Beyond the ability to give “teeth” to property rights, states serve to propagate the social effect—the norms, customs, and beliefs—that normalize acceptance of specific types of property rights by all members of society, including those who might be dispossessed or disadvantaged by the enforcement of specific property rights. This almost always occurs as a political process that shapes the social and legal norms around ownership of a specific type of asset. Indentureship and, soon after, slavery were enabled by men with specific economic interests. They then leveraged the state to codify these laws and helped normalize the conditions that enabled the existence of this commodity. Some slave codes, for example, compelled the involvement of non-slave owners in retrieving slaves.
As the US was building its first institutions, across the pond in Britain, landowners were engaged in their own commodification project, the British Enclosure Movement. Enclosure was a gradual, centuries-long process that involved elites altering laws around the use of land by leveraging the power of the state to violently restrict access to lands that were previously considered common or public land. Over time, this enabled land to take on a form more amenable to capitalist logics, though modern economists argue this more efficient use of land greatly increased agricultural yields, which fed more mouths.

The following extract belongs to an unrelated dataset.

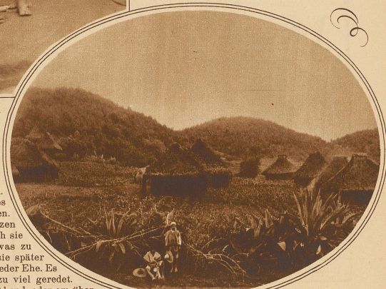
Chamula, die «Hauptstadt» der Chamula-Indianer. Die Aecker, bei den Häusern gelegen, sind gepflügt wie Gärten

sagt nichts, sie sagt nichts. Aber beide fühlen sich sehr glücklich, so glücklich, wie sich nur irgendwo auf Erden zwei glücklich Verliebte fühlen können. Denn diese Tage und Wochen sind die süßeste Liebeszeit ihres Daseins, sie sind der Höhepunkt aller Gefühle, die der Mensch in Dichtung und Musik auszudrücken sucht und doch niemals wahrhaft ausdrücken kann. Es ist die Zeit der Menschen, echten, herzlichen Liebe zweier junger Menschen vor der Erfüllung, die die erste Dissonanz in die Harmonie der reinen wunschlosen Liebe bringt. Die Köstlichkeit dieser Liebeszeit wird vertieft dadurch, daß beide jetzt wissen, daß, wenn der Wunsch ausgesprochen wird, er seine Erfüllung findet. Und daß keiner ihm ausspricht, sondern daß sie schweigend und sinnend Rücken an Rücken gegeneinander sitzen, erfüllt sie mit unnenbarer Seligkeit. Sie fühlen sich wohl und warm und gebor-

Regardless of what good or bad came from it, this was far from a neutral and apolitical process that happened spontaneously without the input of the state. The state, representing property owners, created property rights that protected these interests while violating existing norms and the interests of commoners. Communal farmers no longer able to support themselves were forced to go work for the very same people who had deprived them of their self-sufficiency. The government then played a role in getting these individuals to accept this new state of affairs. This lost self-sufficiency was critical in driving the demand for the grueling, dangerous work that would contribute to the productivity gains seen during the Industrial Revolution.
Today, while we no longer fight over common land and slaves, we still face bitter battles over what can be commodified. Understanding this struggle is critical to navigating some challenges we face this century, as a handful of digital platforms own the infrastructure where we work and socialize.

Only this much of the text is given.